## __Leah Gerke__
### _API Data Report_
### _10/11/2024_
__State a hypothesis that could be tested using the data available from the Spotify API.__
- The danceablility of a song correlates directly with the energy and loudness of it.

__Explain the theoretical and the statistical applications of your hypothesis.__
- Theoretical: The louder a song is and the more energy it has, the more danceable a song is.
- Statistical: A song scores from level 0 (lowest) to level 1 (highest). When a song scores .5 or higher on each energy _and_ loudness levels, the danceability score will indicate a song is suitable to dance to by scoring .5 or higher.

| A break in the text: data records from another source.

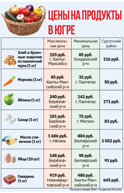 По данным Росстата на начало 2026 года стоимость самой дорогой говядины в Югре зафиксирована в Нижневартовском районе – почти 919 руб. за 1 кг, самой дешевой – в Ханты-Мансийском районе – 480 руб. за 1 кг. В Сургутском районе – 644,56 руб/кг. За молоко дороже всего платят жители Октябрьского района – почти 141 рубль за литр, дешевле всего в Нефтеюганске – 93,36 рубля за литр. В нашем районе – почти 110 руб. Самый «золотой» десяток яиц продают в Березовском районе – почти 148 рублей, самые дешевые можно найти в Югорске – почти 81 рубль. У нас – 92,5 руб.
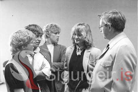 Eiríkur Guðnason, skólastjóri Barnaskóla Vestmannaeyja ásamt kennurum úr Hamarsskólanum. Kristín Arnardóttir, Svava Bogadóttir, Ólöf Aðalheiður Elíasdóttir, Ingveldur Gyða Ólafsdóttir.
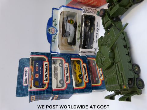 A Triang Minic Bentley Continental in original box, a Burago Mercedes, Matchbox Toys, Dinky tank transporter etc
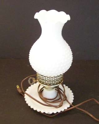 VINTAGE 11 1/2" White Hobnail Milk Glass Lamp
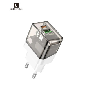 Зарядное устройство BOROFONE BA80A Scenery 1xUSB-C PD20W + 1xUSB QC3.0 Transparent Black (6941991105159)
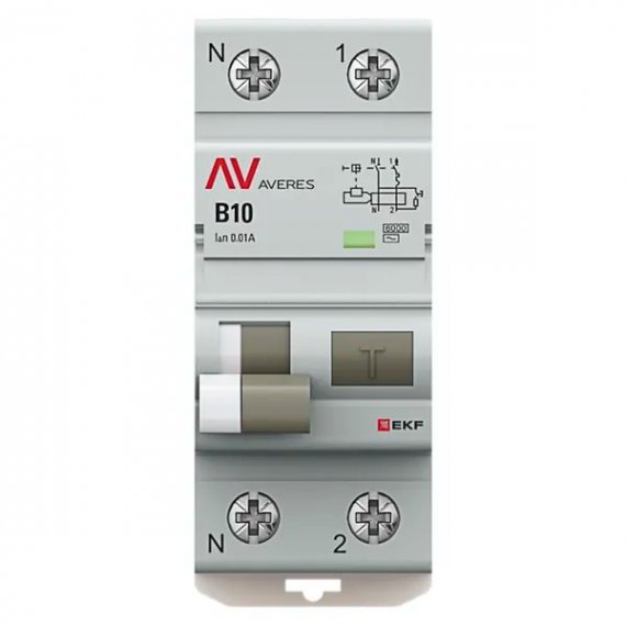 Автоматический выключатель дифференциального тока DVA-6 1P+N 10А характеристика B 10мА тип AС электромеханический 6кА AVERES EKF
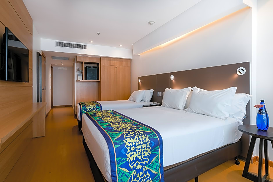 This triple room faces the Copacabana beach and offers a Double bed and a single bed. It has LCD TV 32” with cable, wi-fi internet access, anti-allergic floor, electronic safe box, acoustic windows, central air conditioning. Non-smoking room.

__Identify and describe the Spotify API endpoints you will use to collect data. Explain why these endpoints (and which of the response objects) are suitable to test your hypothesis.__
- I will need the "Get Track's Audio Features" endpoint that is under the "Tracks" reference to get the danceability, loudness, and energy data.
- My hypothesis relies solely on what data presents itself with these three endpoints.
- I will be using Billie Eilish's latest album, "Hit Me Hard and Soft". I think there are a variety of different types of songs and beats and overall vibes in this specific album. And hopefully this will showcase a good set of data for me to determine if my hypothesis is correct.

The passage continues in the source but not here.